**TASK ITEM**
An exact copy is the goal: every line from the one containing "DEMAIS REGIÕES: O" to the end of the material below, pictures excluded.

**GIVEN INFORMATION**
^^^^

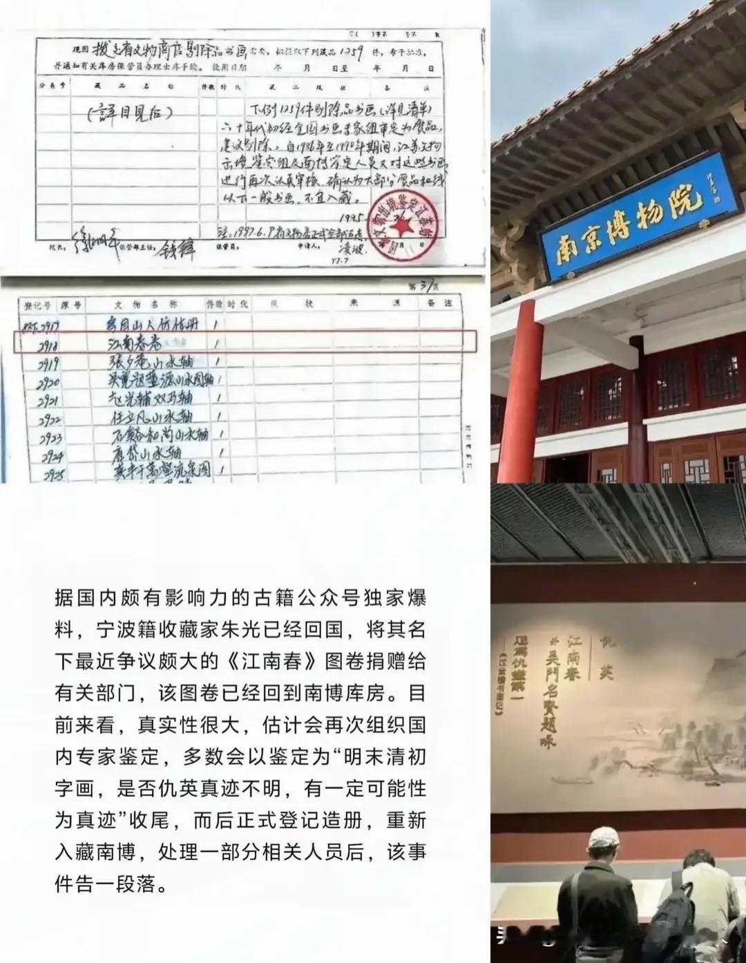 时隔一个月,买走《江南春》的人终于现身了!是位宁波商人,特意从澳大利亚紧急赶回来,把画归还了南京博物院,现在画作已经存放在南博库房里了。 这事本身我倒不好奇,我更关心俩问题:一是这画最后会不会还给庞家后人?毕竟当初是庞家无偿捐赠的;二是要是鉴定后确认是假的,该追究谁的责任?毕竟画从博物馆流出去又几经转手,流程得说清。 不过有人觉得“小事化了”就行,还说查了结果也不会公开。但我不这么看,这事儿关系文物保护和公众信任,不能含糊。相关部门已经介入调查,相信会按法律和规定来,给庞家、给公众一个透明的交代。文物是国家和民族的财富,把来龙去脉查清楚,才是对历史负责,也能完善文物管理的漏洞呀。
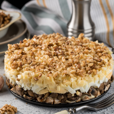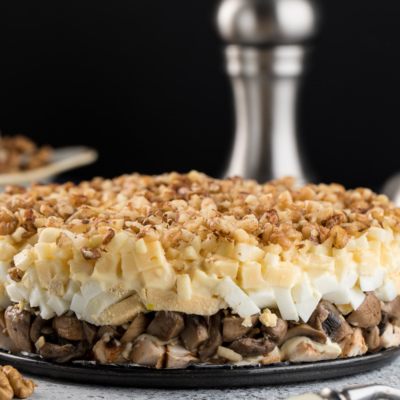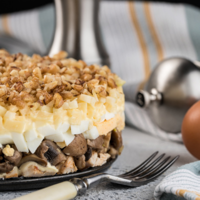 Этот сытный салат разнообразит ваш праздничный стол благодаря интересной нотке грецкого ореха. Главным его преимуществом является то, что его можно приготовить заранее.
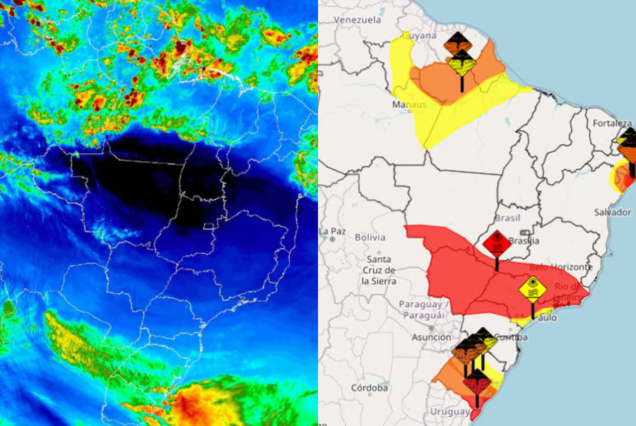 DEMAIS REGIÕES: O número de mortes devido às chuvas no Rio Grande do Sul já chega a 95, com 131 desaparecidos. A região Sudeste, por sua vez, enfrenta uma onda de calor com alerta de "Grande Perigo" para altas temperaturas no Rio de Janeiro, São Paulo, Espírito Santo e Minas Gerais. O Norte do Brasil também está em alerta de "Perigo" para chuvas intensas no Amazonas, Amapá e Roraima. O Inmet mantém os alertas até quinta-feira.
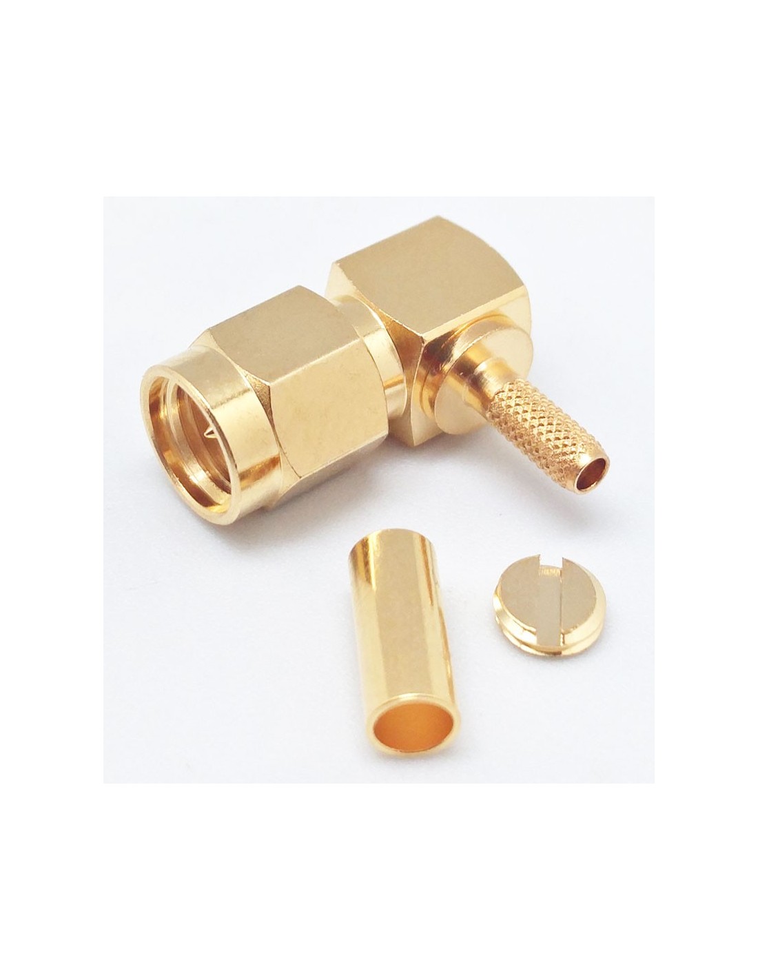 Conector SMA macho acodado crimpar

^^^^

**TASK OUTPUT**
 DEMAIS REGIÕES: O número de mortes devido às chuvas no Rio Grande do Sul já chega a 95, com 131 desaparecidos. A região Sudeste, por sua vez, enfrenta uma onda de calor com alerta de "Grande Perigo" para altas temperaturas no Rio de Janeiro, São Paulo, Espírito Santo e Minas Gerais. O Norte do Brasil também está em alerta de "Perigo" para chuvas intensas no Amazonas, Amapá e Roraima. O Inmet mantém os alertas até quinta-feira.
 Conector SMA macho acodado crimpar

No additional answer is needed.